-- GIVEN DATA follows --

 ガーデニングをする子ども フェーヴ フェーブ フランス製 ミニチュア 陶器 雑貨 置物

-- GIVEN DATA concluded --
-- GIVEN DATA follows --

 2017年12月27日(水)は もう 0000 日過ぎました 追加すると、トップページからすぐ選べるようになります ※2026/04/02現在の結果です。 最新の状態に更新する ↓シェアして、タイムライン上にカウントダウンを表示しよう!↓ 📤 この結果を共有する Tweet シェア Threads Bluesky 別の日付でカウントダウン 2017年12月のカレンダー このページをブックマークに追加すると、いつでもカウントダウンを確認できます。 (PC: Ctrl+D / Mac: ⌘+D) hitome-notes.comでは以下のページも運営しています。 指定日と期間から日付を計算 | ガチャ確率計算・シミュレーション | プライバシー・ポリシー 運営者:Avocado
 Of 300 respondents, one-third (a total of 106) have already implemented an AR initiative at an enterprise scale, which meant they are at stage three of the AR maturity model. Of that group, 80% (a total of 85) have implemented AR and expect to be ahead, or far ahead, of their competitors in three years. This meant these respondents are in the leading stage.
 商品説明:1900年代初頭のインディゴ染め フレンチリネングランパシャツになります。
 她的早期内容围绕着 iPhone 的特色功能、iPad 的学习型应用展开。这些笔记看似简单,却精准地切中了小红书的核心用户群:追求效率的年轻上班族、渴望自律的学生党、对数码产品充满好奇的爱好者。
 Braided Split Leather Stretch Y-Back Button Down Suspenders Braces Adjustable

-- GIVEN DATA concluded --

--- REQUIREMENT ---
Scan the entries above for the line containing "她的早期内容围绕着 iPhone 的特色功能、iPad", and copy it and all lines after it exactly, down to and including the line containing "Braided Split Leather".

--- OUTPUT OF THE TASK ---
 她的早期内容围绕着 iPhone 的特色功能、iPad 的学习型应用展开。这些笔记看似简单,却精准地切中了小红书的核心用户群:追求效率的年轻上班族、渴望自律的学生党、对数码产品充满好奇的爱好者。
 Braided Split Leather Stretch Y-Back Button Down Suspenders Braces Adjustable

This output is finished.